Человек из Назарета — страница 64 из 69

– Но вы ведь утверждаете, что для Бога нет ничего невозможного. Почему бы не допустить, что божество, являющееся духовной сущностью, явилось нам в физической форме?

– Ваше превосходительство! – снисходительно улыбнулся первосвященник. – Вы воспитаны в представлениях, в соответствии с которыми боги способны сходить на землю в виде временных физических форм – быка, лебедя, павлина, золотого дождя…

– О, прекратите! – покачал головой Пилат. – Вы издеваетесь над нами…

– Позвольте мне сказать лишь одно: если Богу будет угодно создать некую новую сущность своей самости, заключающую всю целостность его духовного бытия в физическом объекте, то сделает он это с единственной целью – пожертвовать собою во имя себя же.

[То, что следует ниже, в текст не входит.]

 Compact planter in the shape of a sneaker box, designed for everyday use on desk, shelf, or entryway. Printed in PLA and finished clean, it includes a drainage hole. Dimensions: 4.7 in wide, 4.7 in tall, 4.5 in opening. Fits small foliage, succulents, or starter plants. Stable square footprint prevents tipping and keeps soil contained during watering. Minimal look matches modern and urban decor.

И сделает он это для того, чтобы полностью уничтожить греховность, от которой страдает человечество. А грех – это нечто гораздо более ужасное, чем то, что представляет себе грешник.

– И что же такое грех?

– О, это не простое нарушение правил принятия пищи, – сказал Каиафа несколько раздраженно. – Не прелюбодеяние, не воровство. Это – по большей части не осознаваемое самим грешником глумление создания, в данном случае человека, над величием, всевластием и всемогуществом создателя, то есть – Бога. Может быть, аналогия покажется неуместной и даже нелепой, но представьте себе, как кого-то тошнит на незапятнанный, сияющий чистотой снежный покров, и снег при этом вопиет в неразрешимом отчаянии и отвращении. Конечно, сравнение нелепое, но нелепость – неотъемлемая часть таинственного. А есть и еще нечто таинственное, не поддающееся человеческому разумению: если то, что я утверждаю, истинно, то Бог любит свое создание, человека, любовью, доставляющей ему неизбывные, тягостные страдания.

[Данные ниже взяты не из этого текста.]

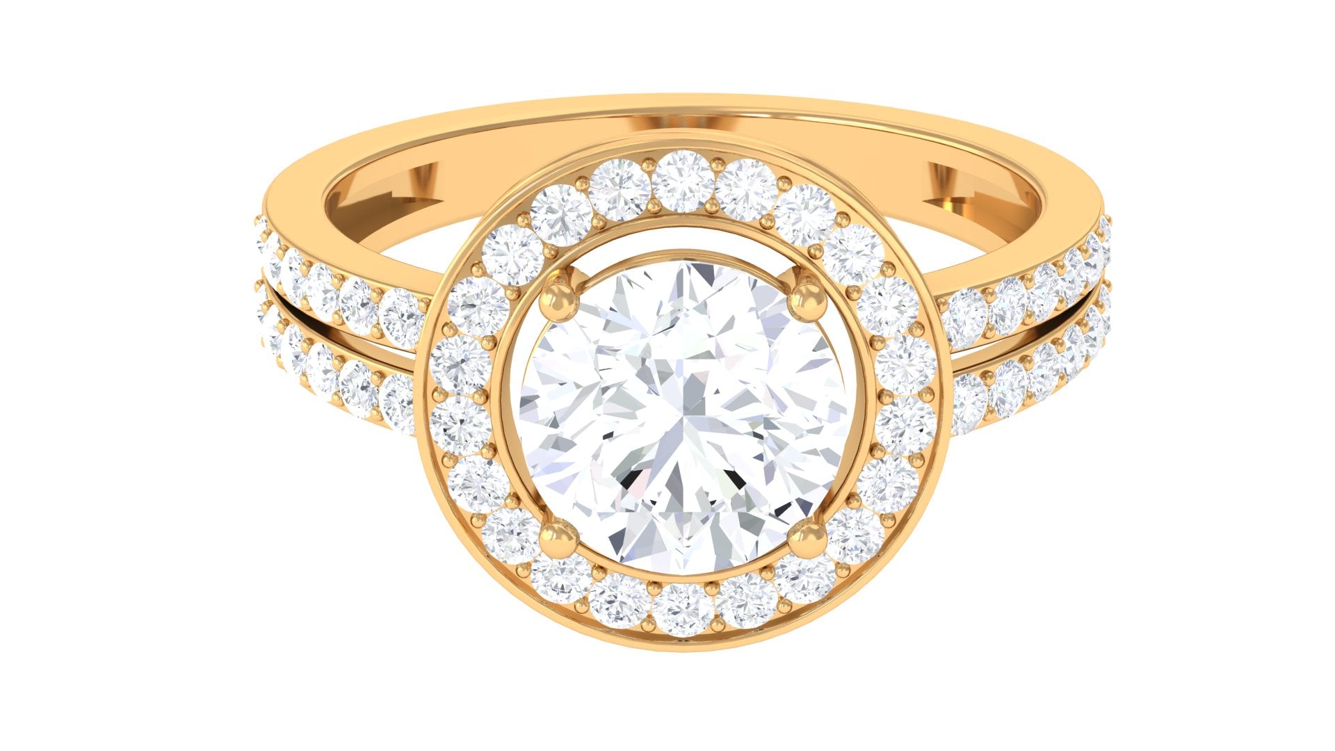 Featuring an elegant Cubic Zirconia Engagement Ring adorned with Round cut Zircon set at the center of the ring with double band shank in Prong Setting and round cut zircon halo and side stones creates an appealing look. This Classic Zircon Engagement Ring is crafted in Gold for an eye catching and appealing look.

– Я простой римлянин, – проговорил Пилат с плохо скрываемой ненавистью к собеседнику и замолчал. Его выводило из себя то, как этот еврей обходился с простым и понятным латинским языком – терзал его и выворачивал наизнанку, действуя точно так, как действуют некоторые новые поэты александрийской школы, наворачивая словеса на словеса как снежный ком. Это было невыносимо. Западной простоте и суровости всегда претила изысканность и мягкость Востока.

– Если это так или могло бы быть так, – продолжил тем не менее прокуратор, – то можем ли мы считать, что жертва принесена, а вы являетесь исполнителем ритуала жертвоприношения?

– Это не так, – отрицательно покачал головой Каиафа. – Более того, Писание не дает мне права столь вольно размышлять по поводу того, что пока непостижимо. Что касается фигуры Мессии – как ее понимают люди Израиля, – то это совершенно иное понятие. Время Мессии еще не настало.

– Но ведь язычникам, не иудеям…

– Иноверцам?

– Иноверцам ведь можно верить в непостижимое?

– Иноверцам можно верить во что угодно. Но, ваше превосходительство, – проговорил первосвященник, – я занял и так слишком много вашего драгоценного времени. А ведь я пришел с очень простой просьбой. Сегодня Йом Шиши, или, по-вашему, день Венеры, день любви. Шаббат начинается на закате солнца. А во время святого праздника Песах Шаббат – это особо торжественный день. Члены Синедриона в этой связи просят вашего позволения не омрачать праздник и приказать солдатам снять с крестов тела казненных евреев.

– Будете уходить, поговорите с моим помощником. Он все устроит. А что сделают с телами?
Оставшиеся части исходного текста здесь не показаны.